小狼が、しどろもどろになっているさくらの顔を見つめた。
こんな時のさくらは、一段と可愛く見える。
着替えもできないため体育着なのが少し可愛そうだが・・・仕方がない。

「えっと・・・ね」
「?」

ちゅっ。

一瞬のスキをついて、さくらが小狼の頬にキスをこぼした。

「なっ・・・」
「ありがとうっ・・・」
「・・・・・・」

さくらのこの笑顔に、小狼は世界一弱い。
彼を負かしたければさくらを連れてくればいい、とでも言える。

「ったく・・・」
「えっえっ、怒ったのっ?」
「怒ってない」
「きゃっ」

今度は逆に、小狼がさくらの額にキスをこぼした。

「仕返しだ。さっさと寝ろ」
「・・・・・・んもーう!ひっどーい。それにっ、まだ10時にもなってないよっ」
「寝たほうが魔力が回復するだろ」
「そうだけどっ・・・せっかく小狼君とふたりなのに・・・寝ちゃうのもったいないもん・・・」
「バカ。おれの魔力がつきるまえに回復させろって。 おれはおまえと違ってそんなに強い魔力は持ってないからな」
「・・・ごめんなさい・・・」

しぶしぶ、さくらがそう言った。
たしかに、中学生にとって10時になってもいないこの時間帯はまだ寝るのには早い。
けれど、小狼が言っていることも事実だった。

「じゃあじゃあ、いっこお願い聞いてくれるっ?」
「聞いたら寝るか?」
「うんっ。
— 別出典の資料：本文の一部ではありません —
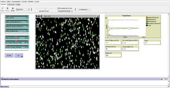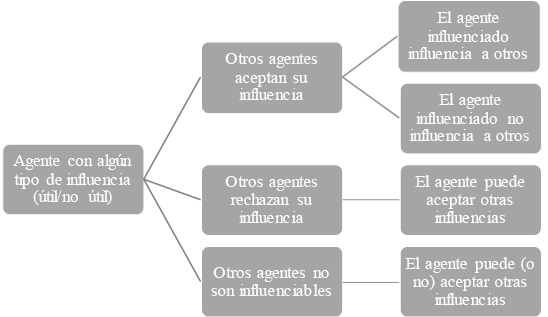 La simulación utiliza cuatro ‘tipos de agentes’: a) con influencia útil; b) con influencia no útil; c) influenciables; y, d) no influenciables. |
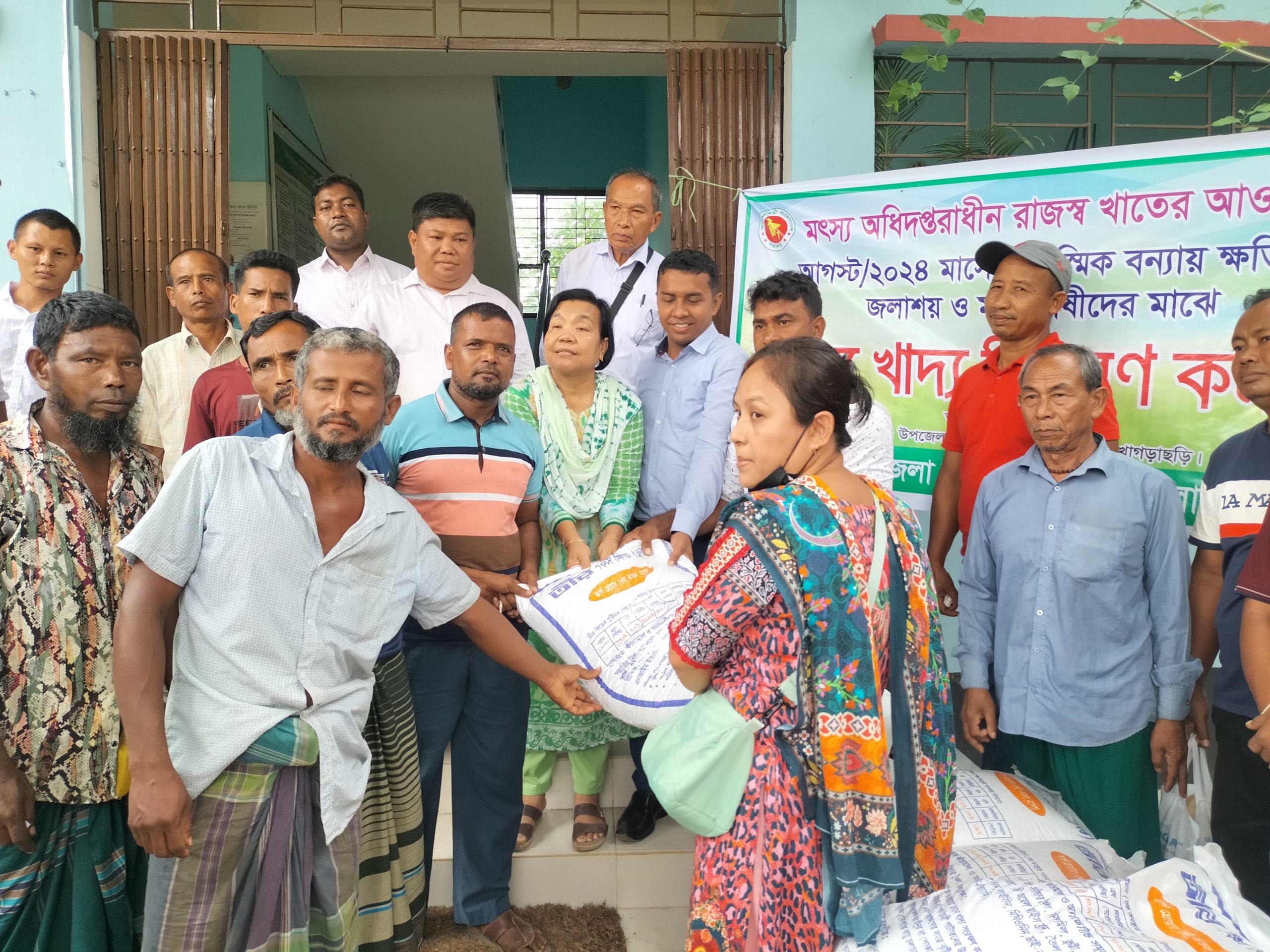 দীঘিনালায় মৎস্যচাষীদের মাঝে মাছের খাদ্য বিতরন
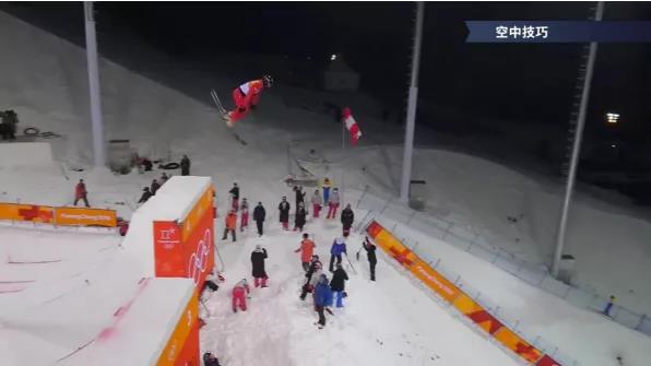 运动员用自由式滑雪技巧完成空翻、转体、抓板等技术动作体。
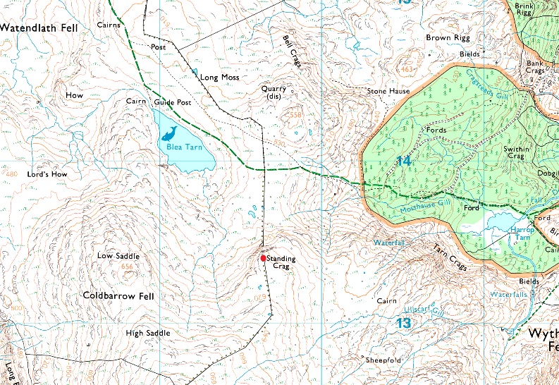 Wythburn - Wyth Burn - Wythburn Head - The Bog - Middle How - Greenup Edge - Ullscarf - Standing Crag - Bell Crags - Long Moss - High Tove - Armboth Fell - Armboth - Road West of Thirlmere - Thirlmere Dam - Turnip Corner |
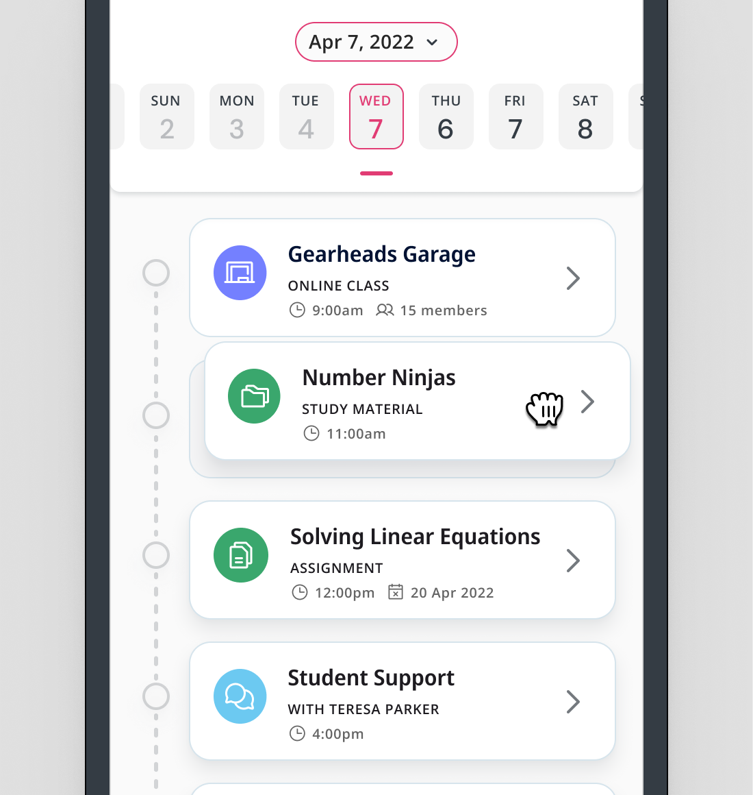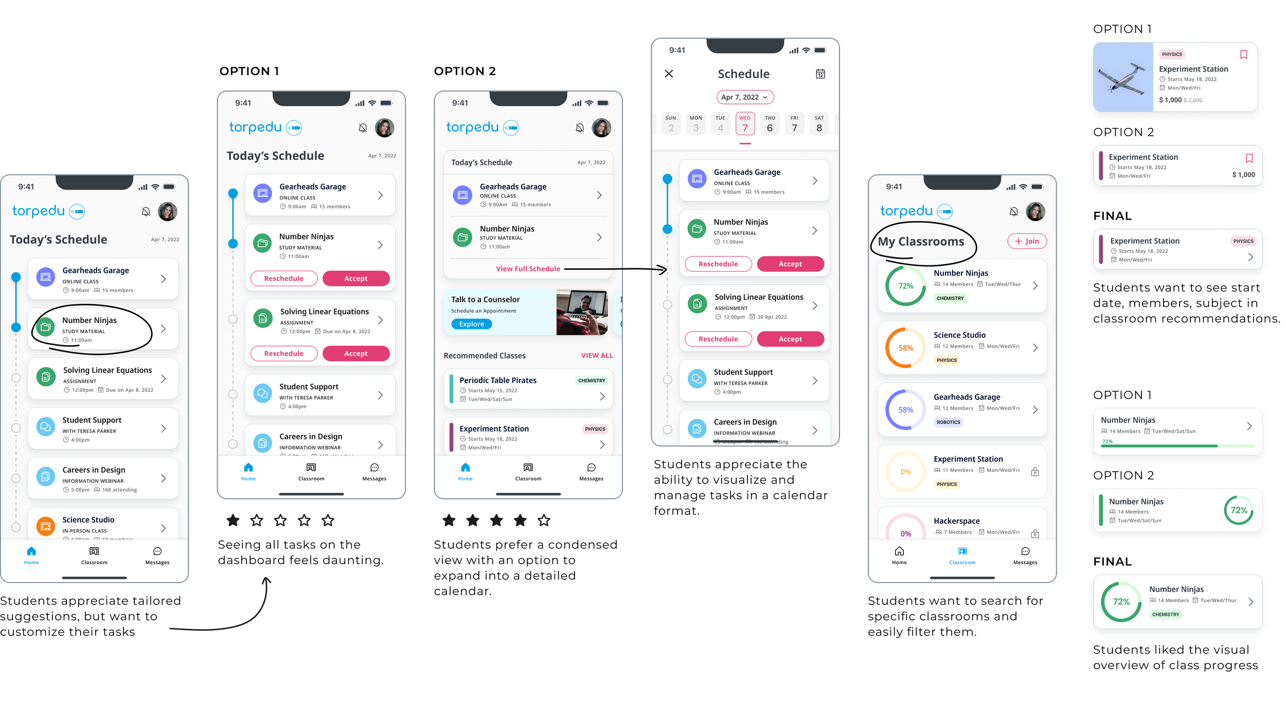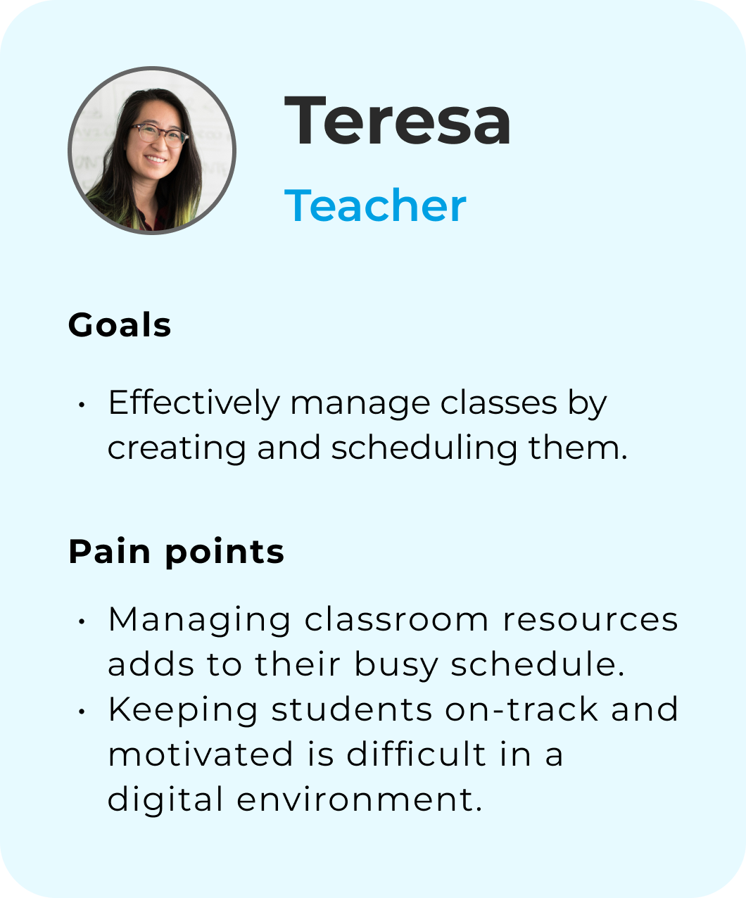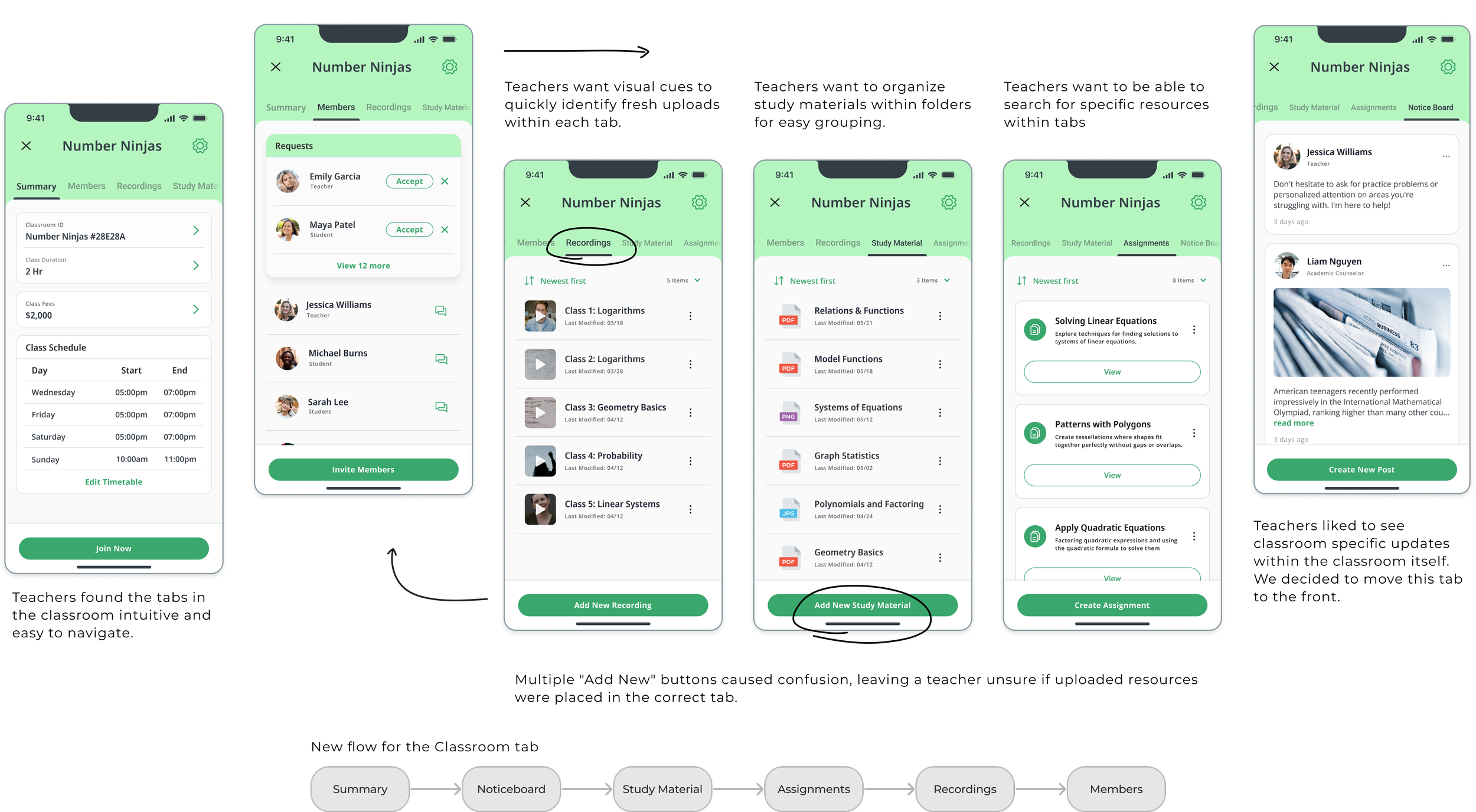 The Classroom brings together class schedules, deadlines, and materials in one seamless experience. By testing the classroom flow with teachers, we aimed to gather diverse perspectives and address pain points specific to them.
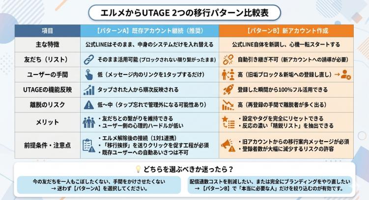 エルメからUTAGEへの移行には、大きく分けて下記2つのパターンがあります。
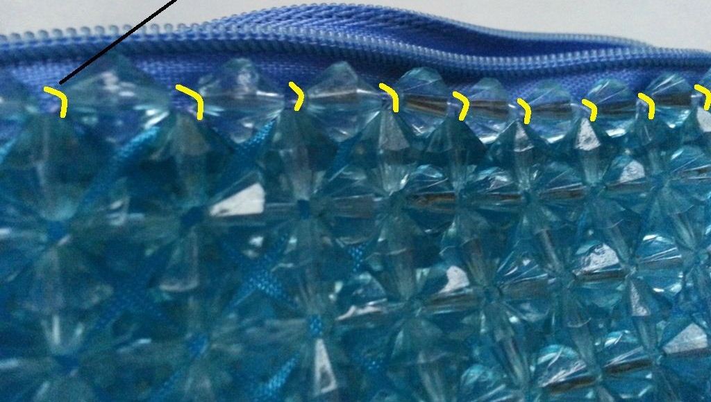 19. С помощью иглы и швейной нитки пришейте подкладку к крайним бусинам хрустального чехла, как показано на фото.
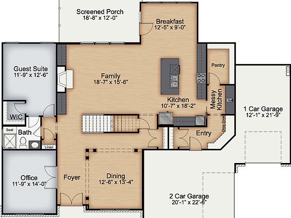 Luxury and country living come together seamlessly in The Morehead, an exclusive floor plan from New Home Inc. We designed every inch of this 5.030-square-foot home to provide the comfort and convenience that contributes to better living. The Morehead invites you with an full front porch.Step inside to the open concept floor plan, giving you a view through the main level. Picture the natural light streaming into the family room, kitchen, cafe, and dining room, infusing warmth and energy. The included gas fireplace adds extra coziness.The kitchen is at the center of activity in the home. We designed The Morehead to answer all of your wish list items. An oversized center island with sink, dishwasher, extra seating, and storage?check. Granite countertops and stainless steel appliances?of course. Let's go beyond the expected to things you might not even know you need. In addition to a walk-in pantry, New Home Inc. includes a service pantry, something we call a "messy kitchen". Use it for storage, add a sink for a clean-up space that keeps the messes out of sight, or create a dedicated beverage station.Are you working from home? The Morehead has a spacious home office off the foyer, enclosed with French doors.A first-floor guest suite is a benefit that many homeowners value. Whether you use it for a welcome place for visitors or a private living area for a household member, the first-floor guest suite makes it easy to be accommodating.If you want to add a living space for you
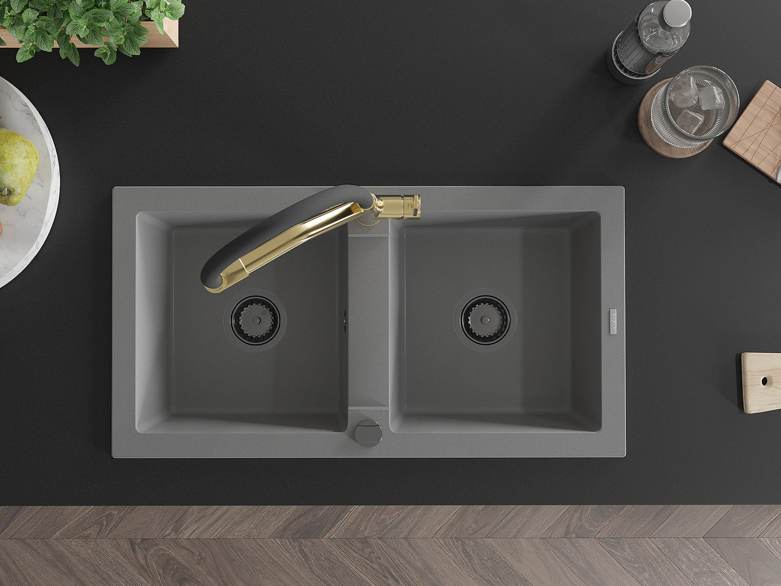 Mexen Mario évier en granit 2 bacs avec robinet de cuisine Duo, gris - 6504-71-671701-57-B
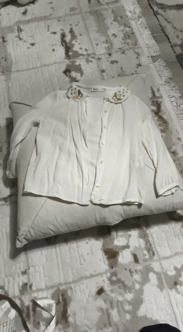 Uzun kollu, yakalı, düğmeli beyaz keten kız gömleği. Yaka kısmında ince nakış detaylarıyla bohem tarzı yansıtıyor.
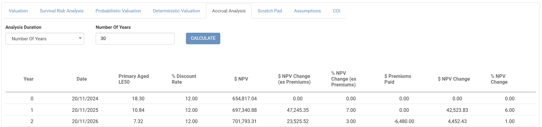 The difference between the first two NPV values is $42,523.88. This reflects the impact of moving the Value Date forward. As the positive expected NDBs are discounted less, they increase in value. However, as the expected premiums are also discounted less, they negatively impact the total NPV.
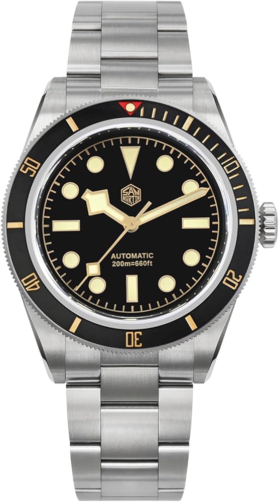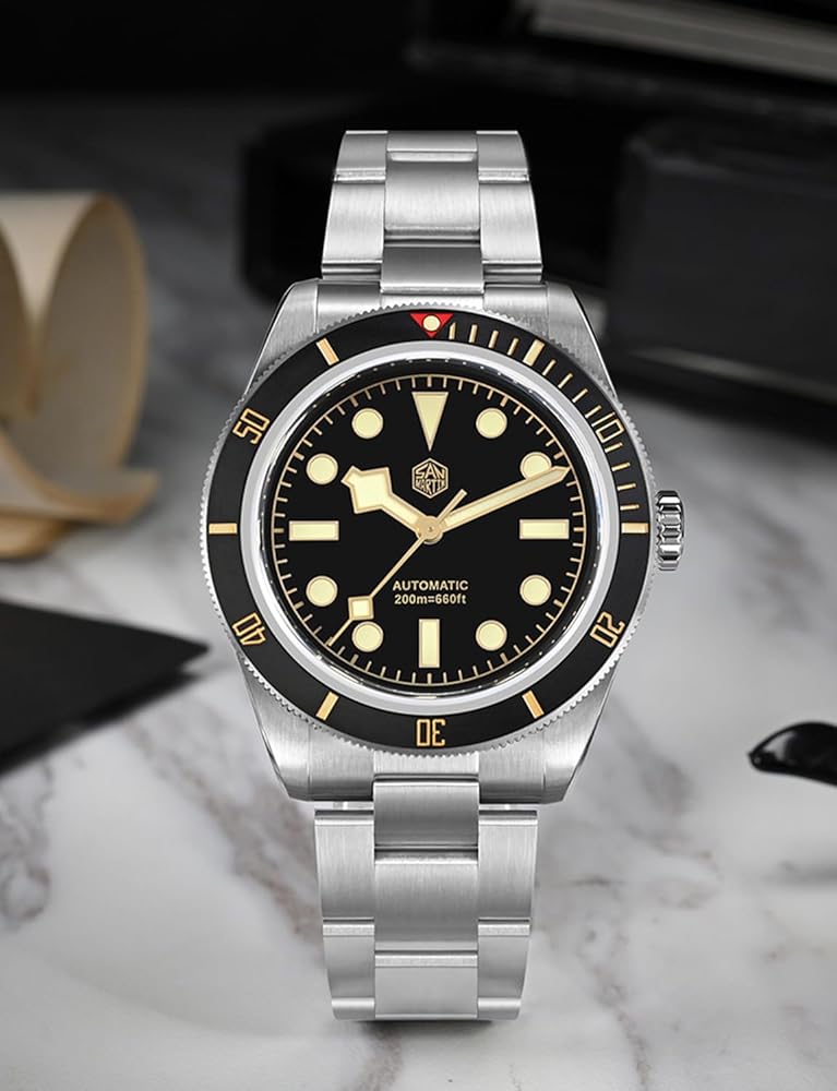 [𝟮𝟬𝟬 𝗠𝗲𝘁𝗲𝗿𝘀 𝗪𝗮𝘁𝗲𝗿 𝗥𝗲𝘀𝗶𝘀𝘁𝗮𝗻𝘁]: ساعة الغوص مقاومة للماء حتى عمق 200 متر (20ATM)، تاج ملولب لإغلاق محكم ضد الماء وحافة سيراميك أحادية الاتجاه لتخبرك بالوقت "تحت" بسهولة. مناسب للأنشطة البحرية الاحترافية والسباحة والرياضات المائية والارتداء اليومي.
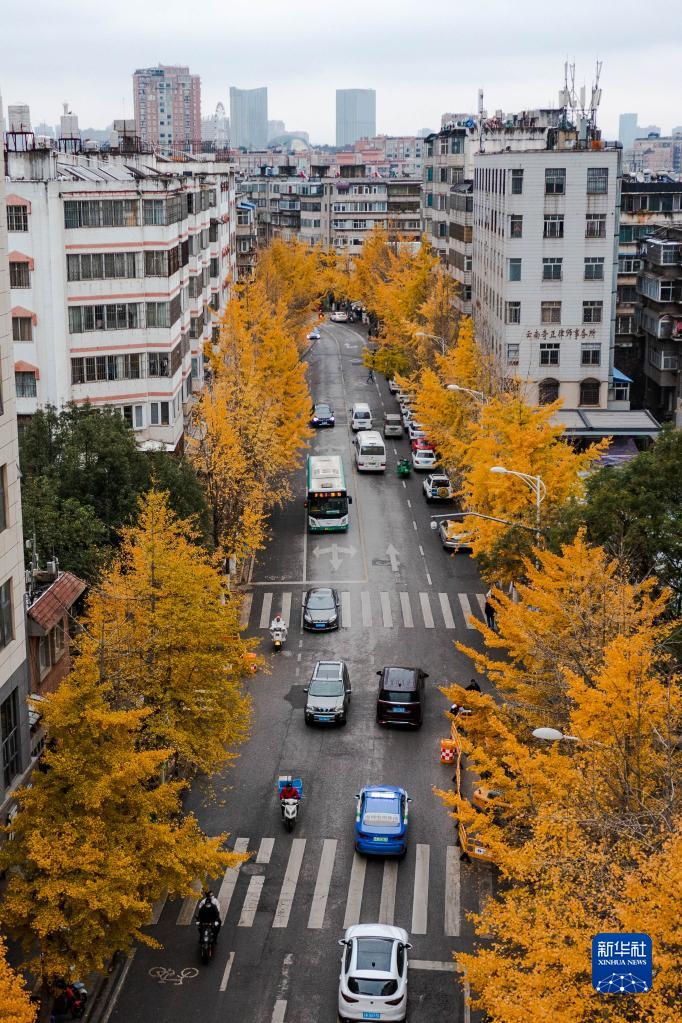 近日,云南省昆明市文林街街道兩側的銀杏進(jìn)入最佳觀(guān)賞期,金黃色的樹(shù)葉掛滿(mǎn)枝頭,吸引游客前來(lái)觀(guān)賞。

聞いてくれたら寝るからっ・・・」
「・・・・・・わかった、言ってみろ」

軽くため息混じりに小狼が返事をする。

「あのね・・・」
「ん?」

「・・・キス・・・して?」

「なんっ・・・!」

さくらの超意外なひとことに、小狼は思わず後ずさりした。
普段、さくらがこんなことを言うなんてあり得ないことだった。
言った本人もかなり恥ずかしいようで、赤面している。
雰囲気に流されるならともかく、こうやって言葉にされると、 さくらも小狼もかなり照れるタイプのようだ。

「・・・仕方ないな・・・」
「えっ」
「ちゃんと寝ろよ?」
「・・・うんっ」

「・・・・・・」
「・・・・・・」

やさしく、眠り姫にくちづけをするように、ふたりはくちづけを交わした。



**fin** 2005.02.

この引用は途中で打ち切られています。